Ils m'ont rappelé pourquoi j'étais tombée amoureuse du rock, quand j'avais l'âge où ils se sont mis à en jouer ensemble, ces petits gars. On les imagine facilement, minots, à imiter leurs idoles, plus aboutis maintenant, références bien digérées, gros potentiel encore à venir. Jeunes gens émerveillés de vivre leur rêve. À mêler les codes des héros musiciens et l'attention des gentils gars ravis de nous faire passer un bon moment. Leur plaisir à jouer sur scène est émouvant (rappelons que c'était leur premier Trianon, le Zénith les attend dans quelques semaines) autant que contagieux.
Non seulement c'était bien, mais ils m'ont rappelé le bonheur de faire partie de cette tribu rebelle, gueularde, qui aime la musique bruyante, porte des bottillons en cuir à grosses semelles avec lesquels on écrase les orteils délicats de vos convenances, aime se mouvoir dans la noirceur sans s'excuser. Et on emmerde avec joie pour ceux que ça contrarie. (Oui, ma misanthropie va bien, merci).
Comme la maison est généreuse, j'ai le plaisir de partager avec vous la chanson d'ouverture (Home) et de fin de concert (The Big Picture), malencontreusement coupée par ma batterie - mais vous avez les remerciements au début pour vous consoler (et consoler à quel point ces bad boys sont choupinoux).
Y a même du bon commentaire du public dans les deux, voyez, comme on vous gâte !

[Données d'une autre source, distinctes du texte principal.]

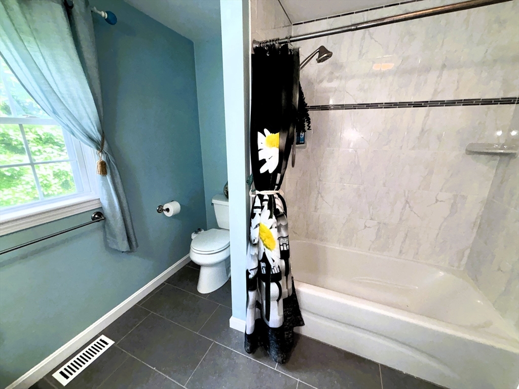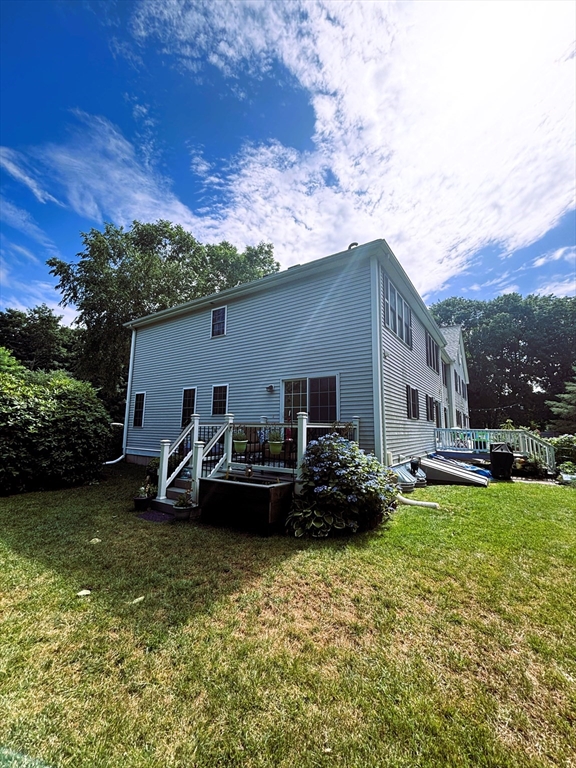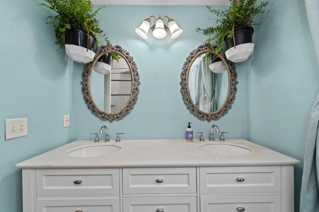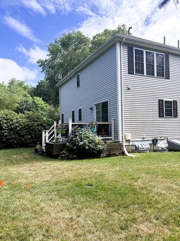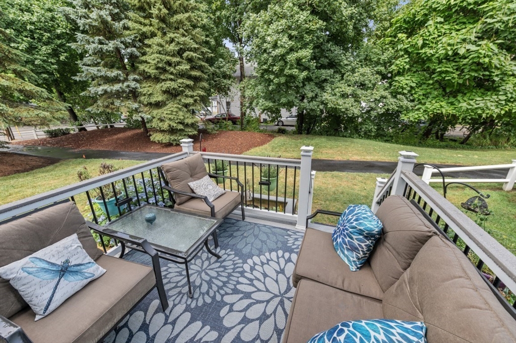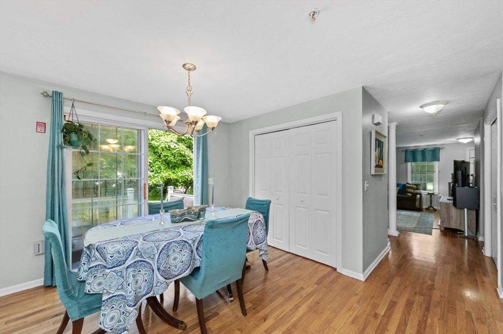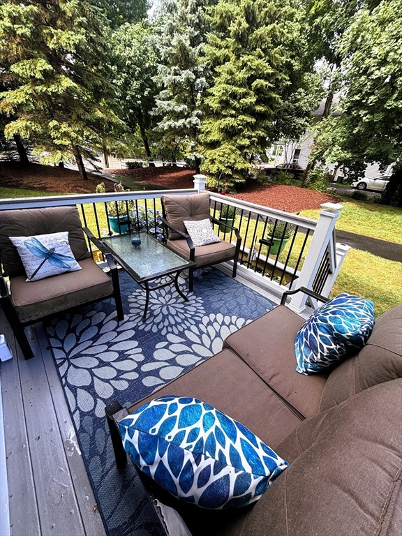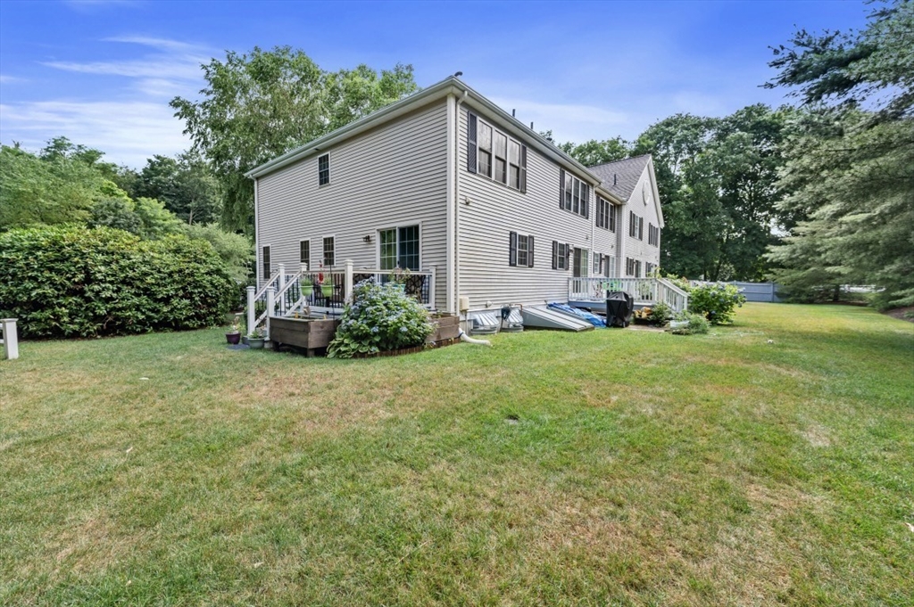 Welcome to this spacious end-unit townhome at Abington Square, offering 3 levels of finished living space & a private wooded backyard. The bright living room flows into an updated 1/2 bath with newer countertops, sink & toilet. The kitchen features granite countertops, stainless steel appliances, garbage disposal & a large pantry, opening to a dining area with direct access to a brand new Timbertech deck (2025) — ideal for entertaining. A serene wooded common yard, used exclusively by this unit, adds rare outdoor privacy. Upstairs, the main bedroom boasts cathedral ceilings & double closets, joined by a 2nd bedroom & an updated full bath with double marble sinks. The finished lower level offers flexible space for a home office or 3rd bedroom, plus generous storage. With a new hot water tank (2024), central AC, in-unit laundry, & 3 deeded parking spaces, this move-in ready home delivers comfort, space & unbeatable convenience near shops, dining, commuter rail & Island Grove Park.

Home de Last TrainThe Big Picture de Last Train
Il y a une constante dans ma vie, c'est que les très bons concerts sont suivis de retours foireux, on a poireauté une heure pendant que des taxis nous ghostaient les uns après les autres. Il paraît que ça ne paye pas assez de ramener des jeunes (ou moins) filles dans leurs banlieues.
Mais on a dit des conneries, on était ensemble (avec une majeure envie de faire pipi) et ça, c'était le plus important, j'ai entendu le son de mon rire pour la première fois depuis longtemps et je l'ai salué comme un vieux copain perdu de vue.